>>>>>

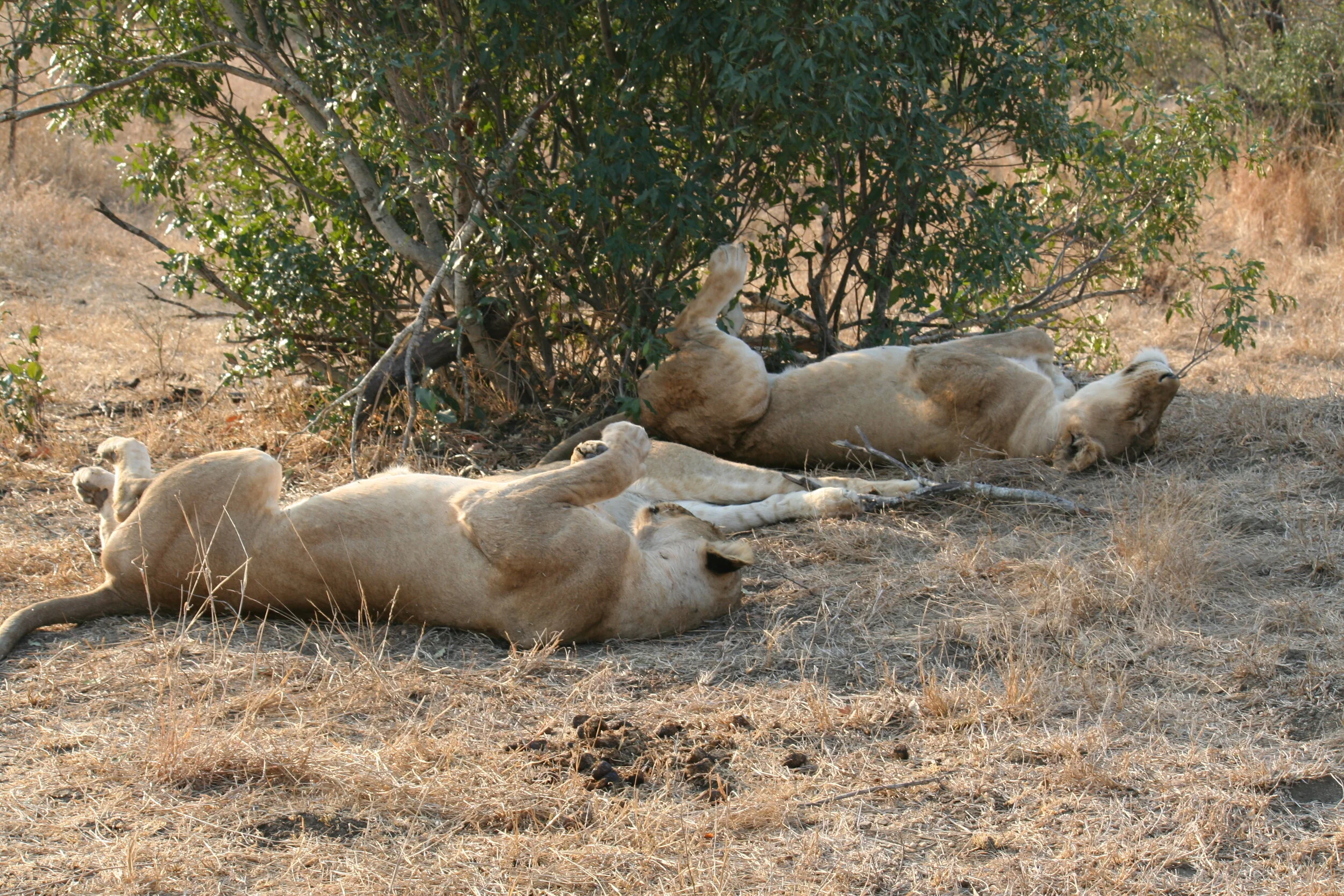 During our first sighting, we came around a bend and there was a set of lionesses sleeping. They didn’t flinch. They stirred slightly, yawned, rolled on their backs, and continued sleeping. Our presence didn’t bother them and though they appeared harmless, we knew better than to get out and arouse them.
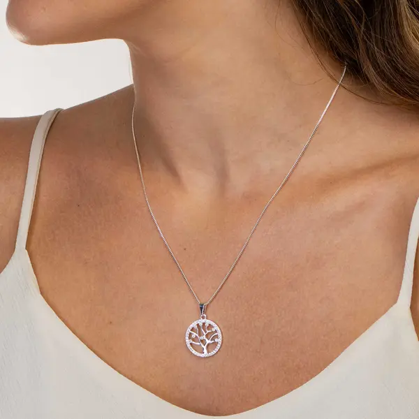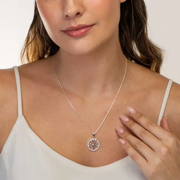 Gargantilha Prata Leve Árvore da Vida com Zircônias Brancas
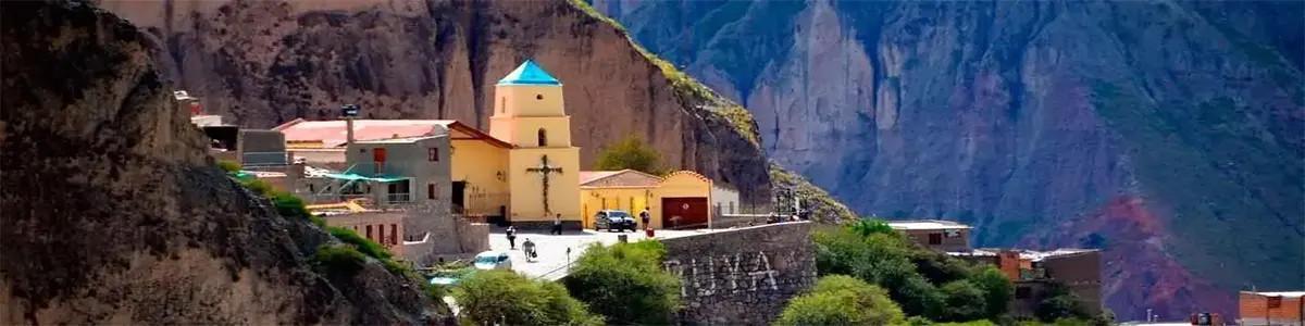 En el viaje a IRUYA se pasa por los principales pueblos de la Quebrada de Humahuaca. Se transita por caminos sinuosos apreciando paisajes muy bellos pasando por el Abra del Cóndor, enormes farallones surcados el río Colanzulí. Manadas de llamas y ovejas nos irán acompañando hasta llegar al majestuoso pueblo de Iruya que aparenta una pintura de pequeñas casas de adobe y paja encajado en la montaña.
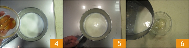 Geben Sie Milch und Honig in einen kleinen Topf 4 und erhitzen Sie es 5. Weichen Sie in der Zwischenzeit die Gelatine in kaltem Wasser ein. Sobald die Milch fast kocht, gießen Sie einen kleinen Teil in eine Schüssel, in der Sie die ausgedrückte Gelatine platziert haben 6.
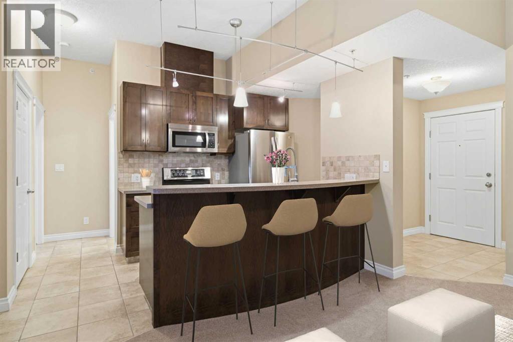 Welcome to this spacious and stylish condominium in the desirable community of Spruce Cliff — where comfort, convenience, and lifestyle meet. Inside, you’ll immediately notice the soaring 10-foot ceilings and oversized living room, complete with a cozy corner fireplace that creates the perfect space for relaxing or entertaining. The chef-inspired kitchen impresses with its large eat-up island, stainless steel appliances, and ample cabinetry for all your storage needs. The primary bedroom is a true retreat — bright, generously sized, and featuring a walk-in closet plus direct access to the 4-piece bathroom. You’ll also appreciate the in-unit laundry room with extra storage and a large patio with a gas line, ideal for summer barbecues or morning coffee.This home also includes underground parking and a separate storage locker for added convenience. Residents enjoy access to exceptional amenities, including a massive fitness centre, party rooms, guest suites, and more — all within a well-managed, sought-after complex close to transit, parks, and the Shaganappi golf course. (id:6769)
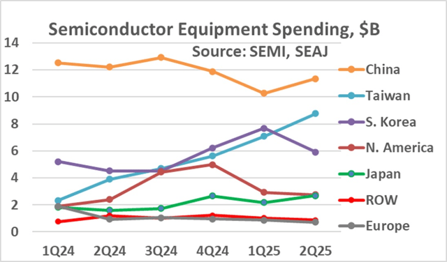 可以看到,最近这6个季度以来,中国大陆一直是排在全球第一名的。到2025年二季度时,中国大陆采购的芯片设备规模,高达113.6亿美元,占到全球比例的34%,这也是中国大陆的市场规模,首次超过全球的三分之一(33%)。
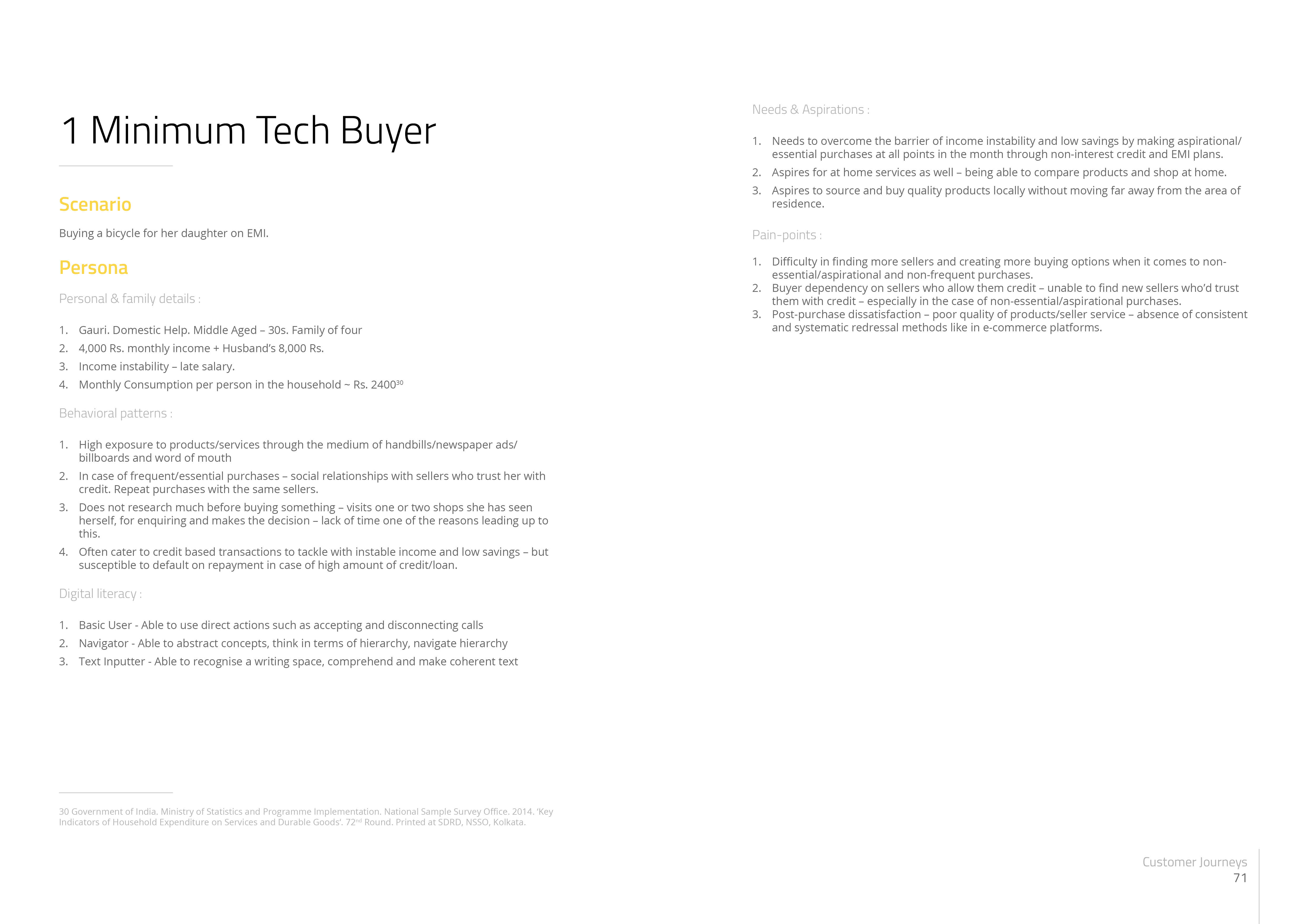 - The market purchase life cycle was divided into various steps from product research, purchase, post-purchase issue redresaal and follow up from sellers.

<<<<<

Starting at the line containing "Gargantilha Prata Leve" and stopping at the line containing "Geben Sie Milch", output every line above exactly, both ends included, with pictures omitted.

◆ Task response ◆
 Gargantilha Prata Leve Árvore da Vida com Zircônias Brancas
 En el viaje a IRUYA se pasa por los principales pueblos de la Quebrada de Humahuaca. Se transita por caminos sinuosos apreciando paisajes muy bellos pasando por el Abra del Cóndor, enormes farallones surcados el río Colanzulí. Manadas de llamas y ovejas nos irán acompañando hasta llegar al majestuoso pueblo de Iruya que aparenta una pintura de pequeñas casas de adobe y paja encajado en la montaña.
 Geben Sie Milch und Honig in einen kleinen Topf 4 und erhitzen Sie es 5. Weichen Sie in der Zwischenzeit die Gelatine in kaltem Wasser ein. Sobald die Milch fast kocht, gießen Sie einen kleinen Teil in eine Schüssel, in der Sie die ausgedrückte Gelatine platziert haben 6.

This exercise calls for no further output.